A grande batalha, no entanto, deu-se com o professor de matemática do primeiro ano ginasial. Eu já era veterano de alguns anos de confrontos terríveis. Ele, talvez – é a única explicação que encontro – devido à sua extrema crueldade, repugnante até mesmo entre seus companheiros de “ofício”, não estava a par de meu grau de combatividade. Tentou me pegar num dia em que me vi obrigado a ficar de castigo, terminada a aula, resolvendo diabólicas equações. Estávamos os dois sozinhos na classe. Lá fora, apenas a barulheira dos meninos do primário. Acendeu um cigarrinho e veio se aproximando de mim. Não levantei os olhos. Colocou a mão no bolso. Não me mexi. Sacou a mão fora, segurava alguma coisa. Fiquei firme equacionando. Chegou ainda mais perto. Era o momento da verdade. Levantei-me de repente e gritei com toda a força de meus pulmões:
– Mais um passo e você é um homem morto!
Blefava, é claro, já que nada tinha com que me defender a não ser a caneta esferográfica importada, a única aliás de nossa classe. Seus olhos se abriram como se, de repente, de um só lance, todos os logaritmos do mundo tivessem se voltado contra ele, dispostos a matar. Botou a mão no peito, soltou um gemido de paca agonizante e caiu durinho na minha frente.
Acabei meus deveres, juntei minhas coisas e fui embora. Ele foi enterrado no dia seguinte com todos os alunos presentes. Acho que cantamos o hino do colégio. Contritos e nervosos naquela agitação dispersiva das crianças diante da morte. Fiz como todos. Ninguém percebeu nada. Mas, nós – eu e os mestres – sabíamos. Sabíamos que, daquele dia em diante, não haveria mais luta. A coisa poderia acabar nos jornais.
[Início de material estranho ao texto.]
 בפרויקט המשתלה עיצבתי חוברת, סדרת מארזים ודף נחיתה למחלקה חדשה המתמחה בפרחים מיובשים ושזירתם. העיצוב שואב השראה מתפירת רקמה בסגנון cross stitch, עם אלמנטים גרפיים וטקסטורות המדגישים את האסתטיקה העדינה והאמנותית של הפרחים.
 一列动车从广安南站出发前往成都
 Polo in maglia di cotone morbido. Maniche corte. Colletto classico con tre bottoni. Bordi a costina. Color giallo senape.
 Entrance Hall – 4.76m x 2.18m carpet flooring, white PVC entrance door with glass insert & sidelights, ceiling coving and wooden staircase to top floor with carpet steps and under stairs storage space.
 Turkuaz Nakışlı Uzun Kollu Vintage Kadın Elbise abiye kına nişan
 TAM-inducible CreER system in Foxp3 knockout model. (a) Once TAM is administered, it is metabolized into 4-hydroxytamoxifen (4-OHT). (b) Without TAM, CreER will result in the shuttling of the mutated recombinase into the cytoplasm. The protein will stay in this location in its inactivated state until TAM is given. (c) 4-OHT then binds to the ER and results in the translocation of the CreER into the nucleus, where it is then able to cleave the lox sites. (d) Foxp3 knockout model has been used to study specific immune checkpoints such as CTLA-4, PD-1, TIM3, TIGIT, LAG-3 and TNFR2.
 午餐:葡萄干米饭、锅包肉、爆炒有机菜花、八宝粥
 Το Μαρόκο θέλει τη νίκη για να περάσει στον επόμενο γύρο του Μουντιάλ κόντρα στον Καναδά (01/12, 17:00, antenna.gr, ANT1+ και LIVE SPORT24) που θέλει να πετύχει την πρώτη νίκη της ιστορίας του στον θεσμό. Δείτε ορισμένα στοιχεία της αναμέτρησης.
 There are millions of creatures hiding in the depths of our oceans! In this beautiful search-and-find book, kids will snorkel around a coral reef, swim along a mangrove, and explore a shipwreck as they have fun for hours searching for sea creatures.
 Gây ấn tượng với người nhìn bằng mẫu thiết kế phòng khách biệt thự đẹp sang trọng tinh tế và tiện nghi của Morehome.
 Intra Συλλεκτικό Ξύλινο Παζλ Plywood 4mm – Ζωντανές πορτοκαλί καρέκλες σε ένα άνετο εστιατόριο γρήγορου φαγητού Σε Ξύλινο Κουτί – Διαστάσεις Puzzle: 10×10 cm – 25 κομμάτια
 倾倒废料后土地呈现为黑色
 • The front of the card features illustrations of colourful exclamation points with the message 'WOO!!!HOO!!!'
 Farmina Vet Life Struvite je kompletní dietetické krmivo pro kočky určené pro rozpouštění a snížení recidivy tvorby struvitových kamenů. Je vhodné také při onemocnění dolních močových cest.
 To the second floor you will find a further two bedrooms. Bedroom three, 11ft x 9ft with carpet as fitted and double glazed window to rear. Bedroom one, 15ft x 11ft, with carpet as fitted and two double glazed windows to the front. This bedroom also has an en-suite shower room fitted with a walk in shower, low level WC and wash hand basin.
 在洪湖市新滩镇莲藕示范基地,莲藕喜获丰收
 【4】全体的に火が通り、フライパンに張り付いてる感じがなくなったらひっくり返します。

Terminei o clássico, fui trabalhar em publicidade, nunca mais pensei em professor ou professora. De vez em quando, passo por um, na cidade. Fingimos não nos reconhecer. Mas, às vezes, tarde da noite, alguém liga para minha casa e não diz nada. Já senti mais de uma vez mãos tentando me empurrar da calçada enquanto espero o sinal abrir. E no Dia do Professor, todo ano, chegam flores murchas em casa acompanhadas de um cartãozinho em branco. Sempre digo que deve haver algum engano. Mas não há enganos. A vida é isso mesmo. A gente começa a se matar muito cedo.
Fonte:
Diário Carioca. Rio de Janeiro, 15 out 1975.